Hot 1027
- South Africa;
- Broadcast area: Johannesburg
- Frequency: 102.7 MHz

Programming
- Format: Old Skool, R&B, and Classical music

Ownership
- Owner: The Professional Consortium

History
- First air date: 1 September 1997

Links
- Website: www.hot1027.co.za

= Hot 1027 =

Hot 1027 is a South African commercial radio station based in Johannesburg. Formerly known as Classic FM 102.7, the station was founded in 1997 and catered exclusively to a classical music audience. Following a business rescue process, the station was acquired by a new owner and rebranded as Hot 1027 on 1 July 2021, adopting a hybrid format of old-school, R&B, and classical music.

Since its relaunch, the station has seen significant audience growth and has won multiple international and local awards.

== History ==
Classic FM was founded in 1997. In October 2019, the station, then known as Classic 1027 FM, was placed in business rescue, which led to some staff retrenchments. A bid from The Professional Consortium, a group of media and business specialists, was accepted by the business rescue practitioner, allowing the station to continue operating.

On 30 April 2021, the Independent Communications Authority of South Africa (ICASA) approved the station's application to amend its broadcasting licence. This amendment facilitated a change in format, and the station officially rebranded as Hot 1027 on 1 July 2021.

== Programming and Format ==
Under its amended ICASA licence, Hot 1027 is mandated to broadcast a format comprising 50% classical music and 50% "Old Skool and R&B" music. The station implements this with a split schedule: daytime programming (5 a.m. to 7 p.m.) primarily features old-school and R&B hits, while the evening and overnight hours are dedicated to classical music.

== Audience and growth ==
Since its 2021 relaunch, Hot 1027 has experienced rapid audience growth. According to a 2024 BrandMapp survey, the station's audience reached approximately 613,000 listeners, up from 316,000 the previous year. Data from the Broadcast Research Council (BRC) of South Africa showed an audience of 201,000, representing a 148% increase from the 81,000 reported in January 2023.

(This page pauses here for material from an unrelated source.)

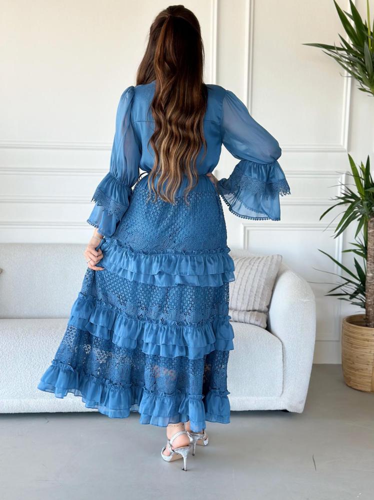 استمتعي بإطلالة ساحرة وأناقة لا مثيل لها مع هذا الفستان المصنوع من الشيفون الفاخر. يتميز الفستان بتصميم رائع يشمل طبقات متداخلة من الدانتيل تضفي لمسة فاخرة وأنثوية على إطلالتك. الأكمام الطويلة والمزينة بتفاصيل دقيقة تضيف لمسة من الرقي والجمال.

In 2025, a report by News24 and international research firm Statista recognised Hot 1027 as South Africa's fastest-growing media company.

== Management ==
The station is led by Managing Director Lloyd Madurai, who has an extensive career in South African radio, including roles at East Coast Radio, Gagasi FM, 94.7 Highveld Stereo, and Jacaranda FM. In 2018, he was inducted into the South African Radio Hall of Fame. The station's Head of News is Tara Penny, who was named Woman in Media and the overall Woman of Stature for 2025 at the Woman of Stature Awards.

== Hot Cares ==
Hot Cares is the station's non-profit corporate social investment (CSI) arm. It is a registered non-profit company with Public Benefit Organisation (PBO) status and focuses its work on humanitarian, medical, educational, and animal welfare initiatives. In November 2022, its annual "Teddython" fundraiser raised R8.9 million in cash, goods, and services in just over 12 hours.

== Awards and recognition ==
Hot 1027 has received multiple accolades at the international New York Festivals Radio Awards:
- 2023: The station received seven finalist nominations.
- 2024: Awarded a bronze medal in the Best News Report/Feature: Human Interest category for a series titled 'Beginner's Guide to Online Dating', produced by head of news, Tara Penny.
- 2025: Won a Bronze Award in the News Documentary category for its mental health series 'Derailed', and a Finalist Award in the Human-Interest Feature category for 'Blindspot', an investigative piece on Johannesburg's traffic light system.

The station has been recognised in the local Best of Joburg Readers' Choice Awards. In 2024, it was named 'Best Local Radio Station' for the third consecutive year. The station's breakfast show won 'Best Local Radio Show' for the second year in a row.

== Broadcasting ==
Hot 1027 broadcasts in English 24/7 on the 102.7 MHz frequency to the Greater Johannesburg area. It is also available nationally on DStv channel 822 and via online streaming.